• DATASET ENTRIES:
[Start of section]

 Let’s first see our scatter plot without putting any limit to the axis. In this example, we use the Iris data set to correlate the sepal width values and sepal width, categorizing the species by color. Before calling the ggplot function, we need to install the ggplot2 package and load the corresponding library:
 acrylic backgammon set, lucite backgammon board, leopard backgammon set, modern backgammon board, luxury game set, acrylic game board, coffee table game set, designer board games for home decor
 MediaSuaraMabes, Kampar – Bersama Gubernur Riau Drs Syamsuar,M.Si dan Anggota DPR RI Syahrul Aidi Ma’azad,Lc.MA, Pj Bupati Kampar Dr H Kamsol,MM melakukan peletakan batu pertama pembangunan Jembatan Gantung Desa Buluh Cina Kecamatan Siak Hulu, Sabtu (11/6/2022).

[End of section]
[Start of section]

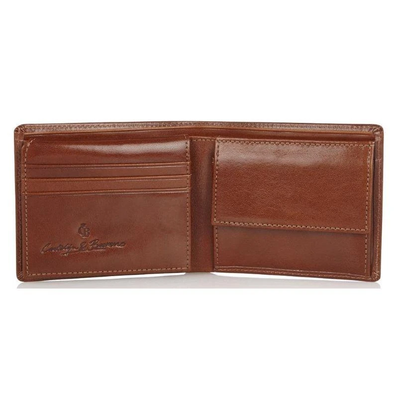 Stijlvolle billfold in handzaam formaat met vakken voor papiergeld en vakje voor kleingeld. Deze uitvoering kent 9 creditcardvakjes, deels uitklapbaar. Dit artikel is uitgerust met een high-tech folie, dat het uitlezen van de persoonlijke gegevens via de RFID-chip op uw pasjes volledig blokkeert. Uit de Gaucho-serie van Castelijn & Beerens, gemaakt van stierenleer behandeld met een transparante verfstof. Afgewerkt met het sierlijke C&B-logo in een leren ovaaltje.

[End of section]
[Start of section]

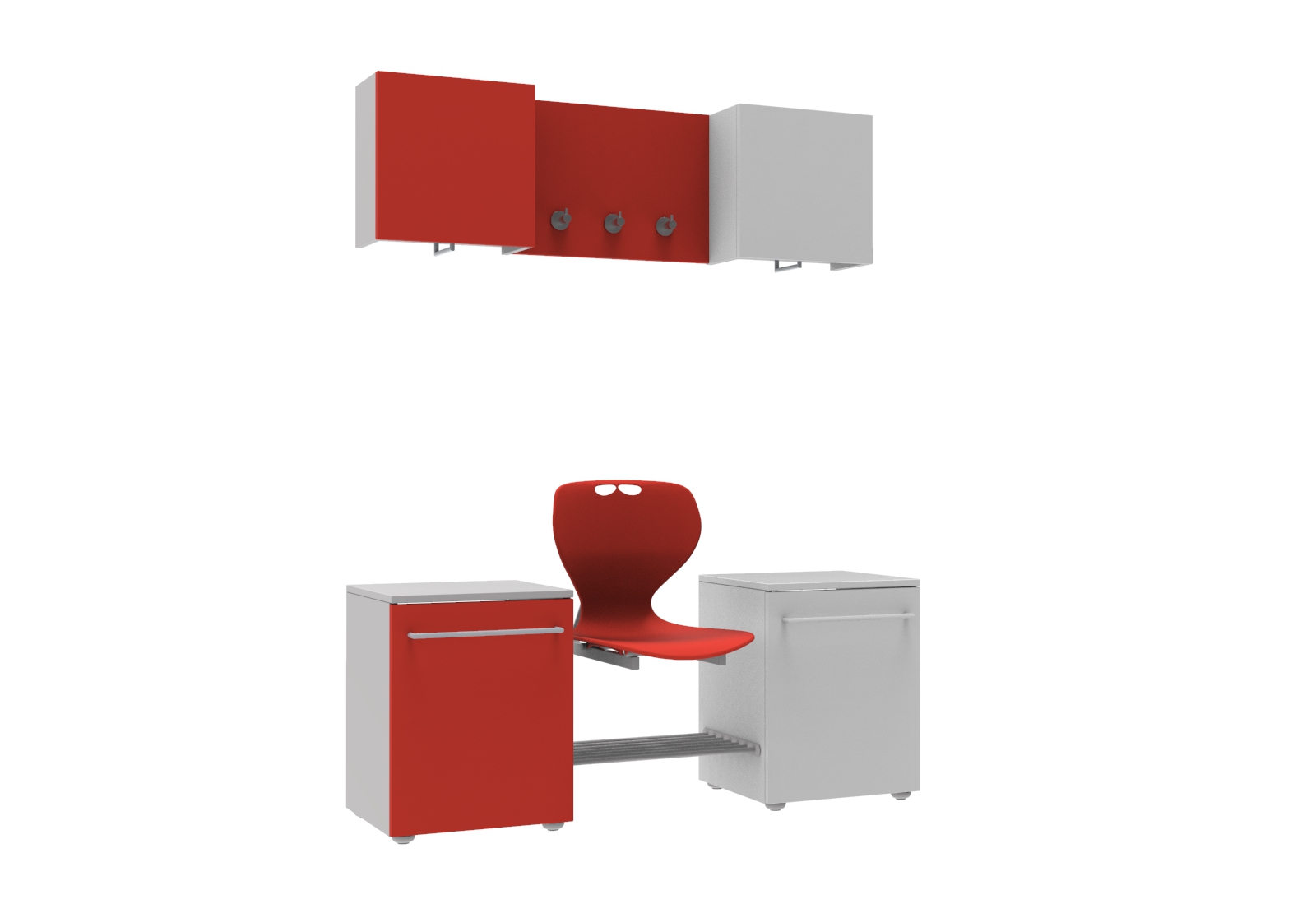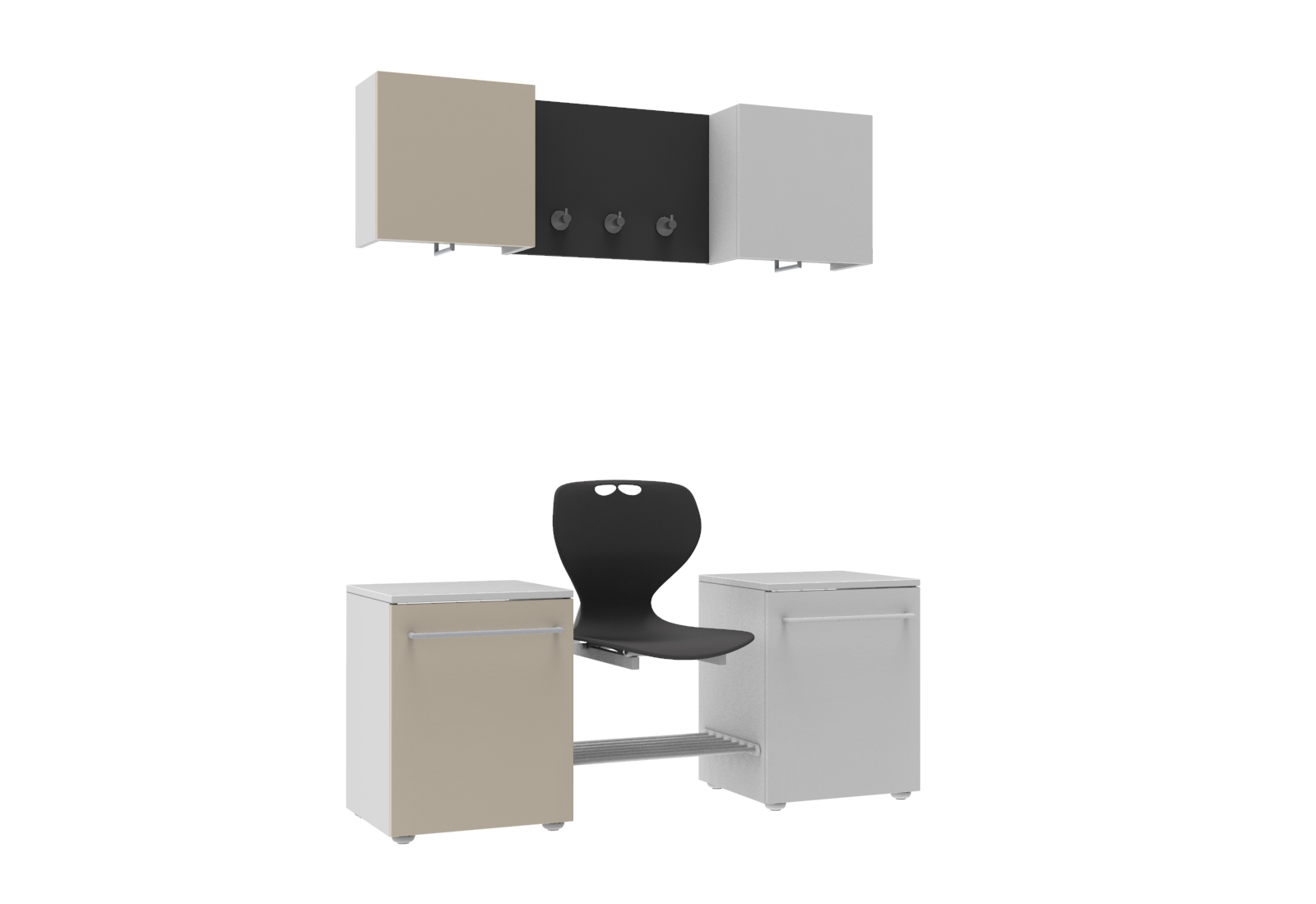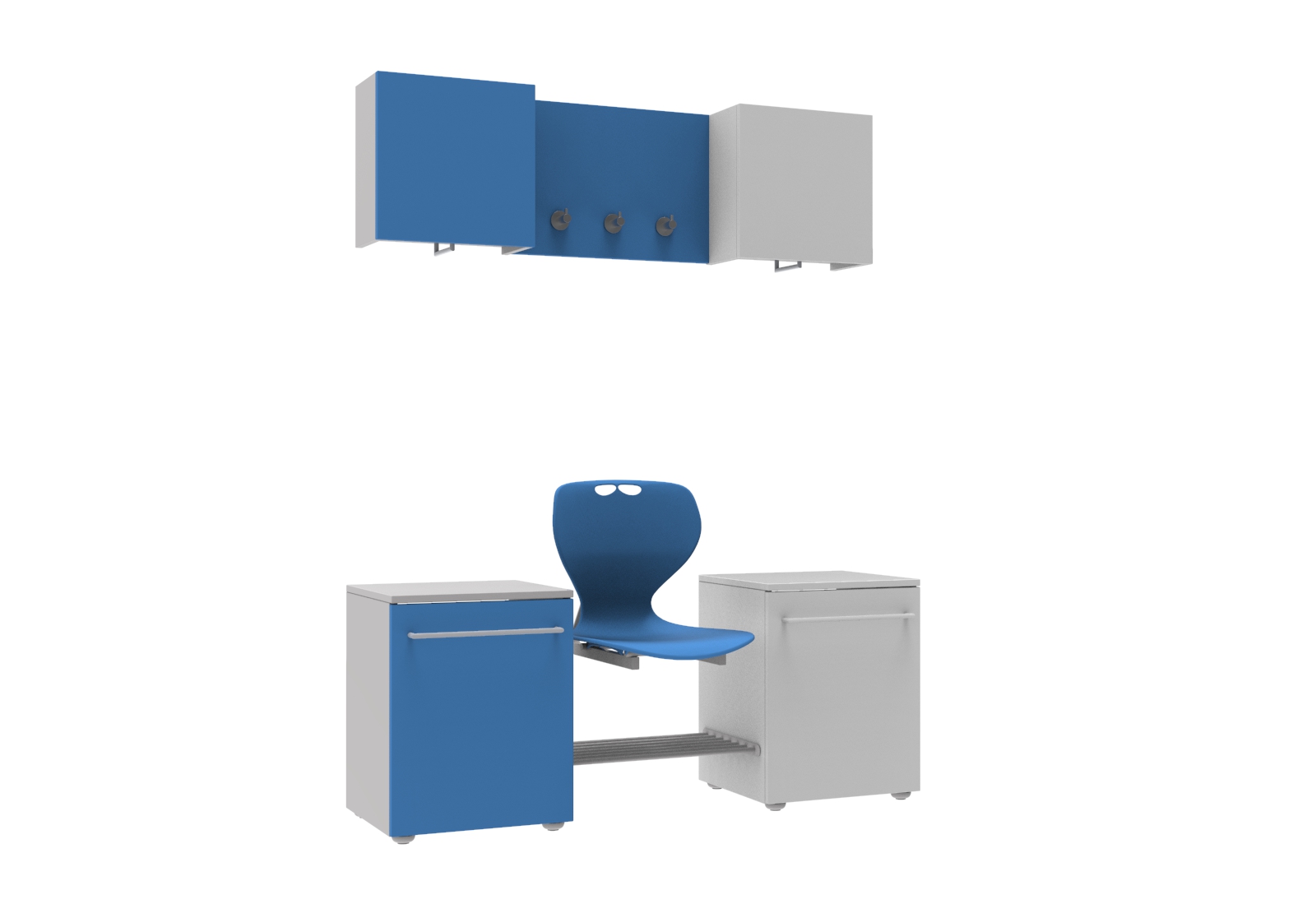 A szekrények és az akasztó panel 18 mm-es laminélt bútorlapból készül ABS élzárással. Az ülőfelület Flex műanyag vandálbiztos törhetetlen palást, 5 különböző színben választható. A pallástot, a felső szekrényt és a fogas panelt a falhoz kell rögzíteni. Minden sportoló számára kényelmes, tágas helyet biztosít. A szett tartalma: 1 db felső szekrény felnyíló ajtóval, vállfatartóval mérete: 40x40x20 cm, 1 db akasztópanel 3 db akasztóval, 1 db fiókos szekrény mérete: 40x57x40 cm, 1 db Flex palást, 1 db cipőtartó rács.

[End of section]

• YOUR TASK: Using the entries above, extract exactly the span from the line with "Let’s first see" to the line with "MediaSuaraMabes, Kampar –", both lines included; leave out everything else.

• RESULT:
 Let’s first see our scatter plot without putting any limit to the axis. In this example, we use the Iris data set to correlate the sepal width values and sepal width, categorizing the species by color. Before calling the ggplot function, we need to install the ggplot2 package and load the corresponding library:
 acrylic backgammon set, lucite backgammon board, leopard backgammon set, modern backgammon board, luxury game set, acrylic game board, coffee table game set, designer board games for home decor
 MediaSuaraMabes, Kampar – Bersama Gubernur Riau Drs Syamsuar,M.Si dan Anggota DPR RI Syahrul Aidi Ma’azad,Lc.MA, Pj Bupati Kampar Dr H Kamsol,MM melakukan peletakan batu pertama pembangunan Jembatan Gantung Desa Buluh Cina Kecamatan Siak Hulu, Sabtu (11/6/2022).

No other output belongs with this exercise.